GP practices back ban on new patients as surgeries face mounting pressure

CREDIT: This story was first seen in Cumbria Life

Cumbria Life reports that more than half of GP practices would consider closing their doors to new patients to offset mounting pressure on services, a new study suggests.

A survey by the British Medical Association (BMA) of 1,870 GPs’ surgeries in England found 54% (1,005) favoured temporarily suspending admissions to their practice lists.

This would allow them to focus on providing safe care to patients already signed up to their service, the study said.

More drastically, 44% of the GPs surveyed (822) said they would consider applying to NHS England to halt new patient registration permanently .

The findings were held up as evidence that practices were wilting under the demand of growing patient numbers due to a funding squeeze.
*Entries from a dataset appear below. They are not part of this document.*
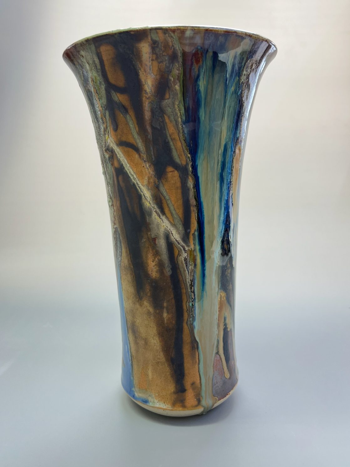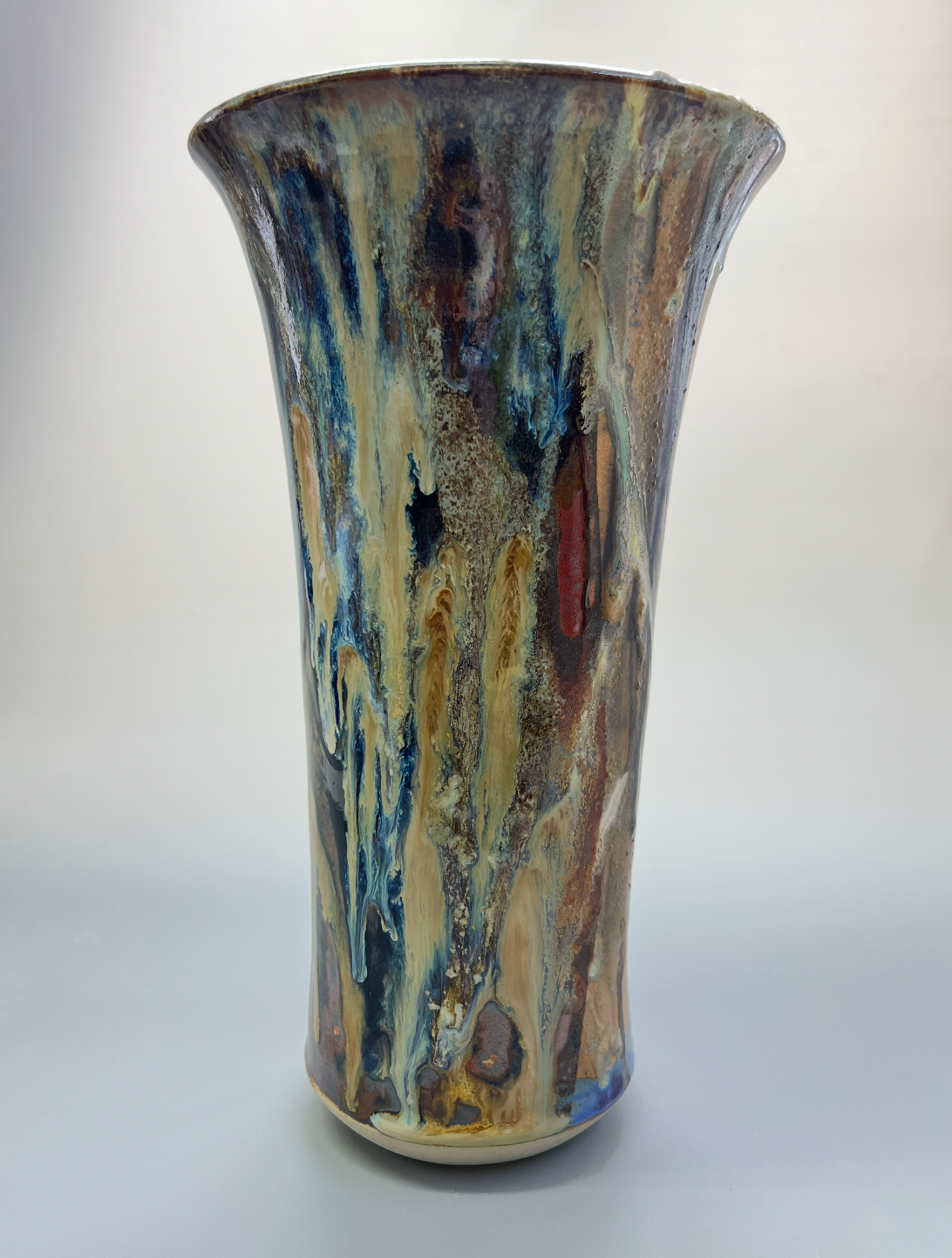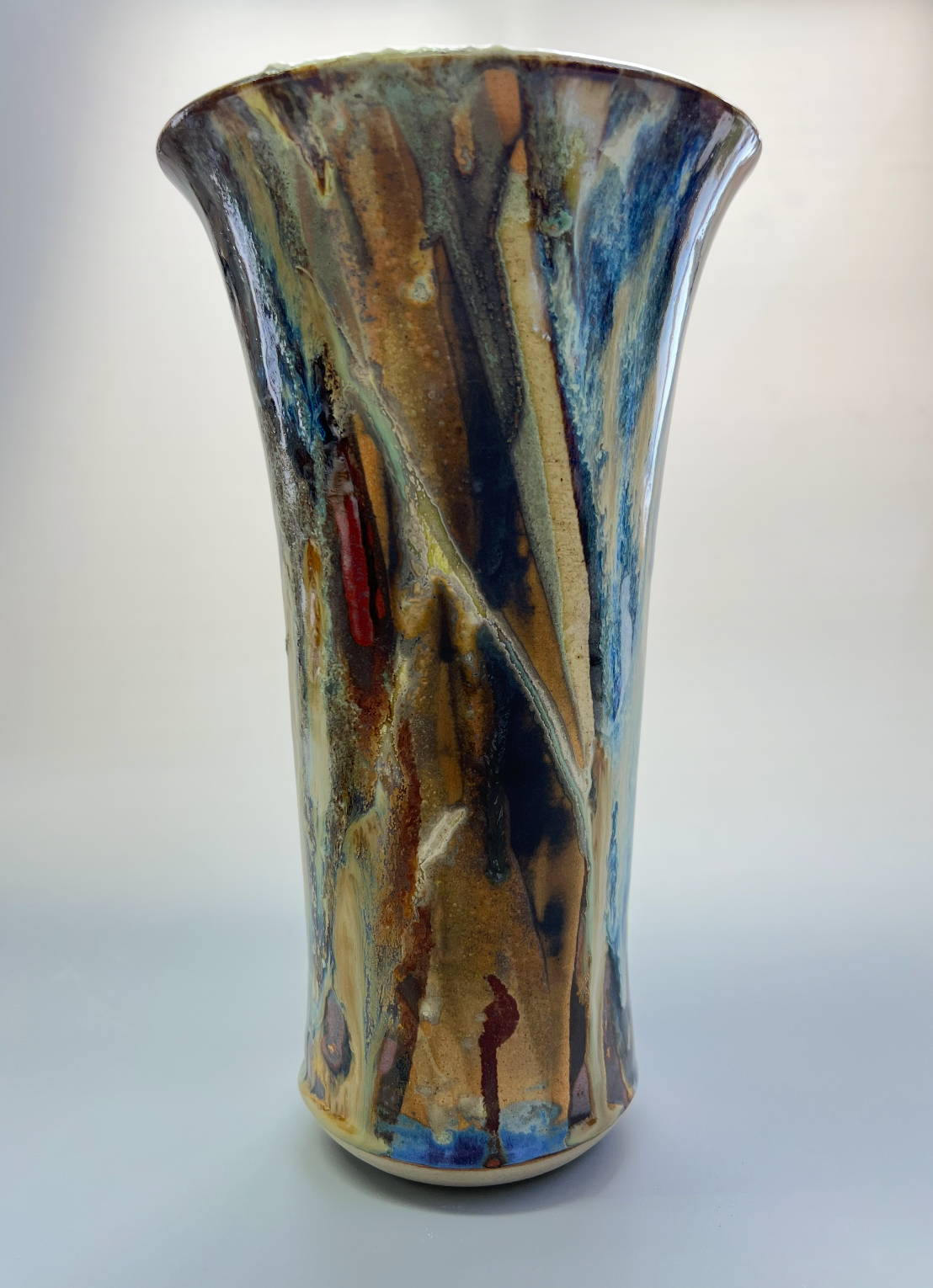 Vertical cylinder with combination of volcanic textures and layers of iron and rutile.
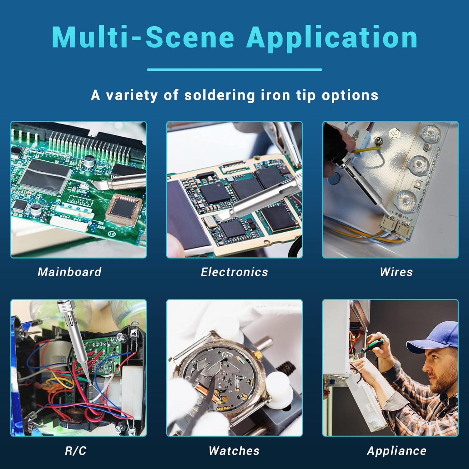 【ESD safe &Short Circuit Protection】 As a professional manufacturer of hardware instruments, we know the importance of safety.The soldering iron station is equipped with high temperature resistant silicone wire, anti-static design, ESD safety, making the soldering iron kit safer and more efficient.The soldering station also provides heating core short-circuit protection. When the heating element and sensor are abnormally short-circuited, the machine will automatically alarm and remind you.
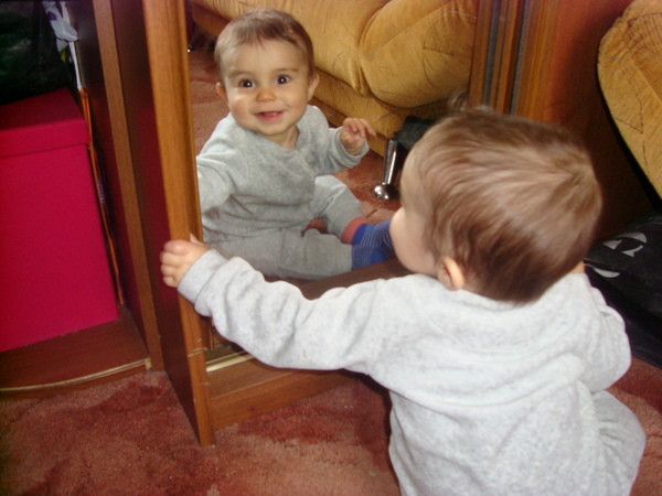 играется с мальчиком в зеркале
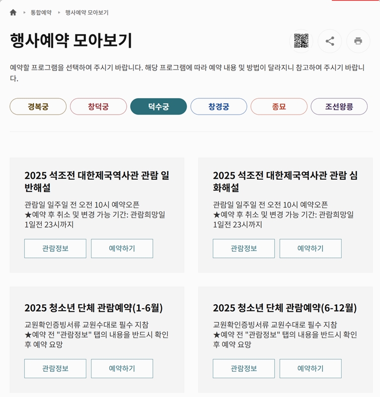 9. 입장료도 함께 확인할 수 있는데 덕수궁은 개인 1,000원, 단체 800원이에요. 관람 대상은 만 25세부터 만 64세까지 가능해요. 요금이 저렴해서 부담 없이 다녀오기 좋고 나이 제한도 있어서 미리 확인해두면 좋아요.
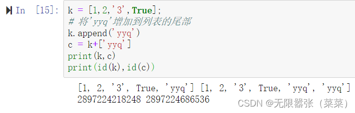 k = [1,2,'3',True];# 将'yyq'增加到列表的尾部k.append('yyq')c = k+['yyq']print(k,c)print(id(k),id(c))
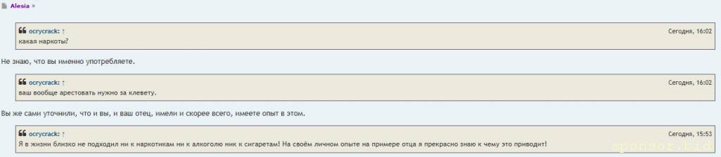 Уважаемая Алесиа, какие наркотики о чем вы? Вы вообще в своем уме? Я в своем сообщении сказал что никогда даже близко к наркотикам не подходил, какое бл вы право имеете что то говорить о моем отце? Вы кто такой что бы его и меня в чем то обвинять? Вы отбросок общества, из за таких как вы люди которым реальна нужна помощь страдают.Alesia: 19 янв 2025, 18:38 Значит именно вы пытаетесь выложить не свои данные, а другого человека. Но свои откровения о наркотиках вы уже выложили
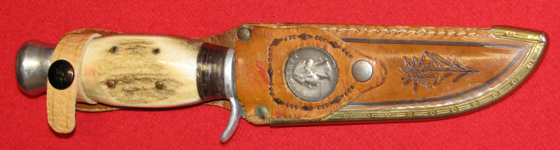 Zum Verkauf kommt ein Älteres Jagdmesser mit Münze in der Lederscheide
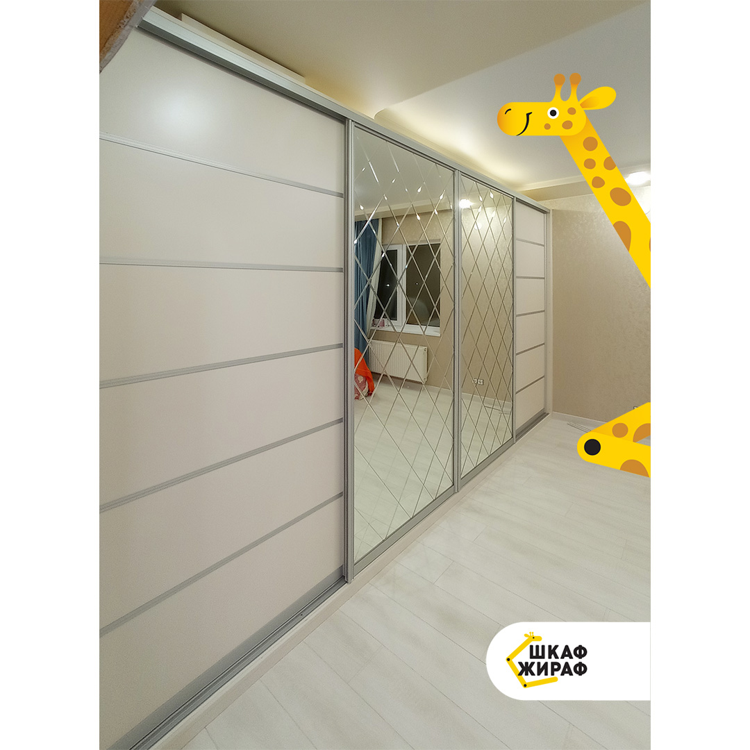 Четырехметровый встроенный шкаф-купе с дверьми из зеркала с алмазной гравировкой и ДСП миндального цвета с разделениями в серебряном профиле Modus.
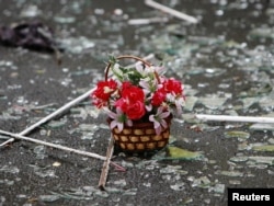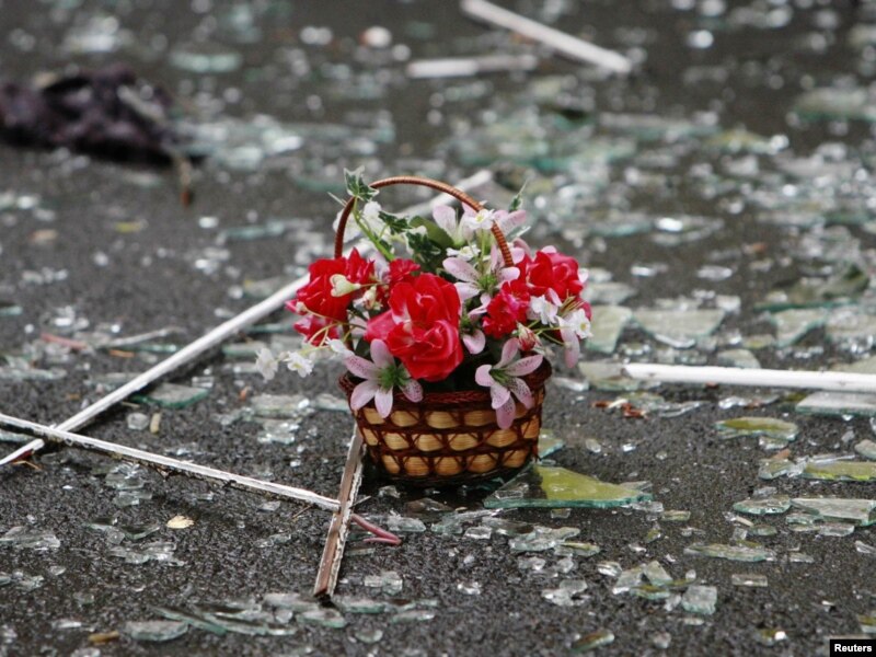 Цветы на месте теракта у центрального рынка Владикавказа, 10 сентября 2010
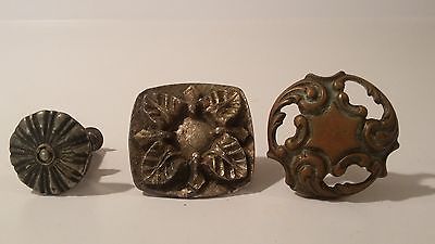 3 ANTIQUE ORNATE METAL AND BRASS HARDWARE KNOBS PULLS FOR FURNITURE " COOL LOT "
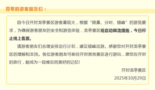 记者从开封龙亭景区获悉,因今日景区游客量已达较大规模,为严格落实“限量、分时、错峰”游览要求,保障广大游客的游览安全与体验,景区现已启动限流措施,今日线上售票通道同步关闭。

BMA GP committee chairman Richard Vautrey said: “Despite the hard work of GPs, nurses and practice staff, many GP practices are struggling to cope with the rising number of patients coming through their doors because of a lack of necessary funding and widespread staff shortages.

“The government needs to understand that this landmark survey sounds a clear warning signal from GPs that cannot be ignored, and that the workload, recruitment and funding crisis in general practice must be addressed with far more vigour and commitment.

“Practices believe the promises in the GP Forward View which pledged to provide more resources to front-line patient care have failed to make an impact.

“The BMA is now calling on ministers to work with us to urgently to address this growing crisis which is threatening to overwhelm general practice.

“We cannot allow a situation where patient safety is being compromised by a lack of political action.”